Cyber security awareness learning ‘needs to enter the 21st century’
The one-dimensional and outdated cyber security awareness learning provided by most UK organisations – including charities – is not ‘fit for purpose’ and is limiting employees’ ability to understand what good cyber behaviours look like, according to new research
The one-dimensional and outdated cyber security awareness learning provided by most UK organisations – including charities – is not ‘fit for purpose’ and is limiting employees’ ability to understand what good cyber behaviours look like, according to new research from AXELOS.
The approach also does little to create, embed and sustain the behaviour change required in organisations to respond better to cyber attacks. While 82 per cent of those surveyed are using traditional, computer-based training and e-learning, less than a third are deploying some of the latest learning techniques that offer more immersive and engaging learning for staff.

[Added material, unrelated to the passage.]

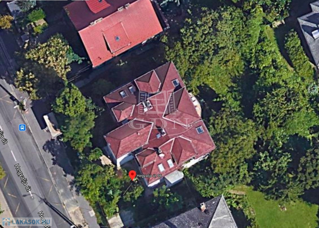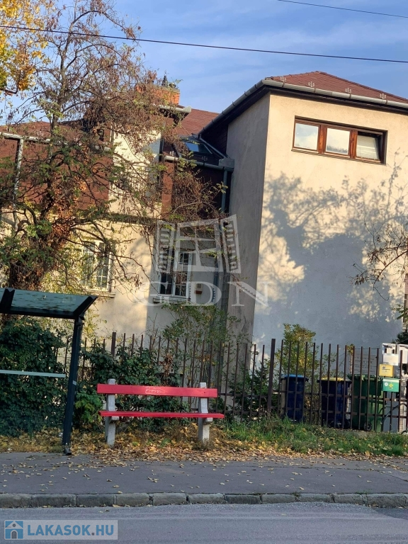 A lakás az utca felöl félemeleten, a kert felöl pedig az 1. emeleten található, egy 7 lakásos vila épületben, 1030 nm-es telken.
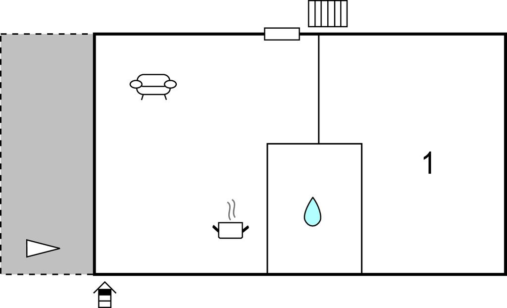 Komb. spisestue/køkken 21m2 - 1 Soveplads. (Sofa, madras eller lignende).

The research commissioned by AXELOS and conducted by Ipsos MORI shows that three information security learning methods dominate more than half of UK workplaces: computer-based training/e-learning, face-to-face and video instruction. New proven learning techniques are being adopted by a comparatively small proportion of organisations. For example:
- Simulations – 31 per cent
- Animations – 26 per cent
- Games – 14 per cent
Forgotten at once
Compounding the problem, fewer than half (46 per cent) of executives responsible for information security training in UK organisations with more than 500 employees provide ongoing information security awareness training beyond new staff induction or annual, e-learning refresher courses.
Nick Wilding, head of cyber resilience best practice at AXELOS, said: “Organisations are still trusting in their annual, cyber awareness e-learning. To expect this approach to influence resilient behaviours is unrealistic. Typically, this one-off course – required once, designed once, delivered once and completed once – is also forgotten at once.
“It risks leaving staff ill-prepared and unaware of the practical things they can do more effectively to manage the daily risks they face. We need a new approach: just as technical controls will evolve and adapt in response to changing threats and vulnerabilities so we need to ensure all our people receive practical and engaging advice and refresher learning on a regular basis throughout the year.”
Lack of tailored learning
Wilding said that despite the almost universal belief (99 per cent) among senior managers that information security awareness training is important to minimising cyber security breaches, less than half that number (47 per cent) are tailoring the learning to the jobs their people do. This is despite nearly two-thirds (63 per cent) highlighting the importance of cyber security in minimising human error in their organisation.
He added: “One size simply doesn’t fit all in this critical area of staff development and neither does it support an organisation’s investment in protecting its corporate reputation and competitive advantage.”
The AXELOS research also asked executives to identify what they thought were the greatest sources of risk for an information security breach. They said:
- 49 per cent: intentional attack by external hackers, criminals, terrorists or activists.
- 45 per cent: unintentional error by employees or contractors.
- 40 per cent: intentional attacks by employees or contractors.
- 17 per cent: third party suppliers or joint venture partners as a route exploited by cyber criminals.